Sweat of My Brow

A poem on the nobility of work in technological age.
==special note==

What value this? To what end these?
To sort, to scan, to type the keys,
To file, to phone, to read the mail,
To meet, to melt as air grows stale?

Were we not naked once, and wild?
Deeds and natures reconciled?
Did not our fathers' backs and hands
Raise up these walls, restore these lands?

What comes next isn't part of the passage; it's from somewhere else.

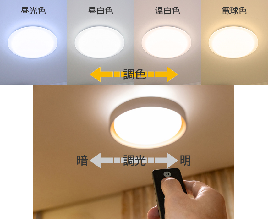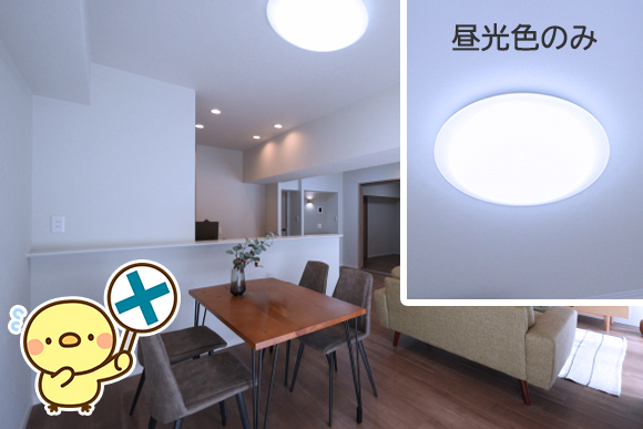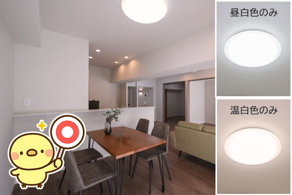 調光のみのLEDシーリングライトの場合には、「昼白色」がおすすめです。(「昼光色」は、事務所のようなイメージになってしまうため、おすすめしておりません。)

Were I set free to tread the field --
Shirt off my back -- and bravely wield
The scythe, the sword, the wheel, the plow,
Would I wish for...what I do now?

I sit, I sort, I think, I plan.
Do these things make me less a man?
Do strain, grit, struggle, sweat and toil,
To split the block and turn the soil,
Make me more noble, or just tired?

I need to know -- I've just been fired.


 

©1997 Squeaky Toy Music

SPECIAL NOTE

On Sunday, July 14, 2002, this poem was read on National Public Radio's The Next Big Thing. The program is hosted on New York's leading NPR station, WNYC, by Dean Olsher. The show ran twice, at 11 AM and 1 PM. Reading the poem was Alice Quinn, president of the Poetry Society of America (PSA) and poetry editor for the New Yorker Magazine.

The poem was chosen from over 400 entries to represent the Adult category of the Poetry in Motion Contest, sponsored by the PSA. Winning poems appear on NYC MTA subways and buses, along with the likes of Tennyson and Hopkins.

Alas, the poem did not win the overall contest.